Integration work is where “private” becomes real. JAMD Technologies can connect private AI workflows to systems teams already run, such as SharePoint, Confluence, file shares, Salesforce, ServiceNow, and ticketing or call center tools. The goal is simple: the model retrieves only what the user is allowed to see, and every access has an audit trail in the same places your security team already monitors (Splunk, Microsoft Sentinel, Elastic Security, AWS CloudTrail, Azure Monitor). Related: Process Improvement.
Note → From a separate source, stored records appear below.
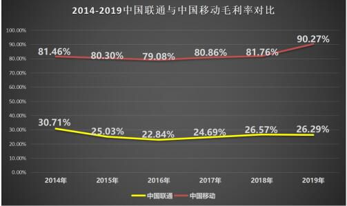 压低价格策略使得中国联通的毛利率一直处于低位,2014-2019年中国联通的毛利率分别为30.71%、25.03%、22.84%、24.69%、26.57%、26.29%。公司毛利率近几年不足30%,且有下滑趋势;相反,中国移动的毛利率持续增长,2019年已达到90.27%,差距进一步拉大。
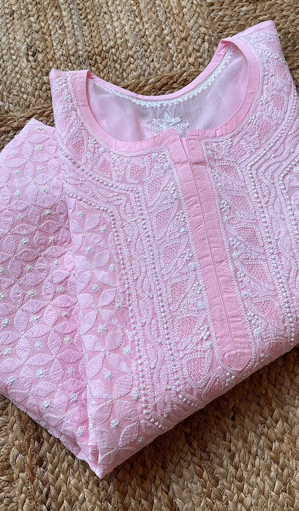 Lucknowi Chikankari kurtas have a charm and elegance that is unique to them. No other form of Indian hand embroidery has that. This delicately embroidered Long Kurti has intricate stitches of chikankari made on a frame by artisans. Usually kurtis like this one takes anywhere between 1 to 2 months to get ready out of which most time is consumed in the hand embroidery and hand printing process. If this is your first Chikankari kurti then be ready to fall in love with this heritage needlecraft and if it’s not your first then probably you’re already in love with the craft. Shop now and embrace the beauty of Nazrana’s heritage needlecraft, redefining sophistication with every product.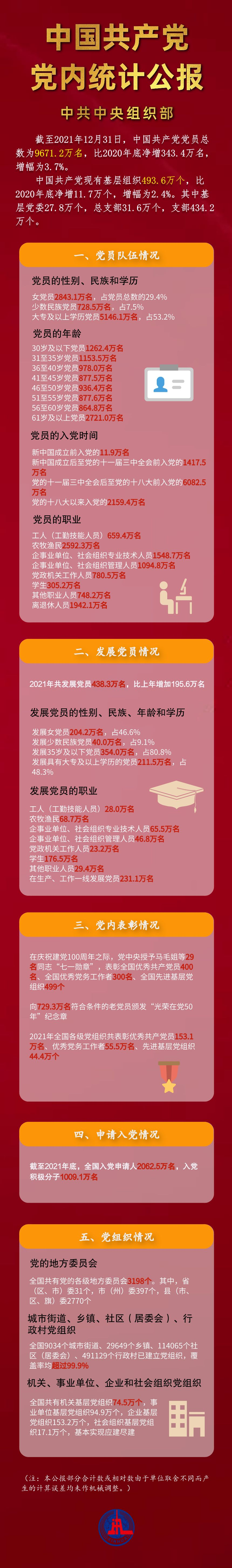 中央组织部最新党内统计数据显示,截至2021年底,中国共产党党员总数为9671.2万名,比上年净增343.4万名。党的基层组织493.6万个,比上年净增11.7万个。中国共产党一路走来,始终把基层党组织和党员队伍建设作为党的建设的基础性工作,不断吸收新鲜血液,着力锻造先锋队伍,使党始终保持旺盛生命力和强大战斗力。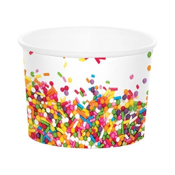 produce the most complete line of specialty paper products for the food service industry. With innovation as the cornerstone of our success. has always been the trend setter for color. fashion. and design. FeaturesSprinkles Treat CupsVibrant designs and attractive addition to your partyDurable and convenient. made of high quality materialWorks great for any event or partyPack of 126 Per PackSpecificationsCapacity: 9 ozWeight: 1.5 lbs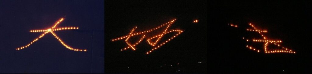 ご先祖様を送る京都の伝統行事。8月16日夜、京都の夜空に「大」「妙」「法」など5つの火文字が山々に浮かび上がります。お盆の精霊送りとして行われる行事で、京都市民にとっては夏の締めくくりのような存在です。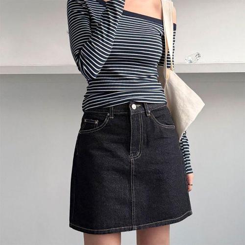 여성청치마 1P 여자 데님 하이웨스트 A라인 스커트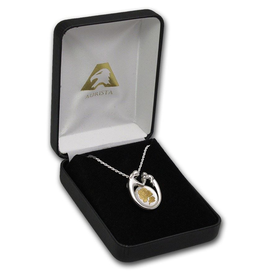 Sterling Silver Mother & Child Rose Gilded Necklace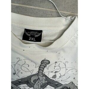 Four Fatherz Winged Skull And Dagger Y2K Hip Hop White T-Shirt - XXL

What to Ask on a Private AI Discovery Call

  • What is the exact data boundary? Ask for a diagram that shows where prompts, documents, embeddings, and logs live.
  • How do you enforce least privilege? Confirm per-user retrieval and connector scoping, not shared service accounts.
  • What lands in logs and traces? Require redaction rules and a defined retention schedule.
  • How do you handle prompt injection in RAG? Look for source allowlists, content sanitization, and system prompt controls.
  • What is the rollback plan? You want a connector kill switch, token revocation steps, and an incident playbook aligned to NIST SP 800-61 Rev. 2.
  • How will success be measured? Expect metrics like answer accuracy, citation rate, time saved per workflow, and security events per 1,000 queries.

If you want a fast next step, pick one high-value workflow (internal knowledge search or agent assist), list the data sources it needs, and write down the “never leave this boundary” rule. That single page becomes the scope for a private AI pilot you can ship and defend.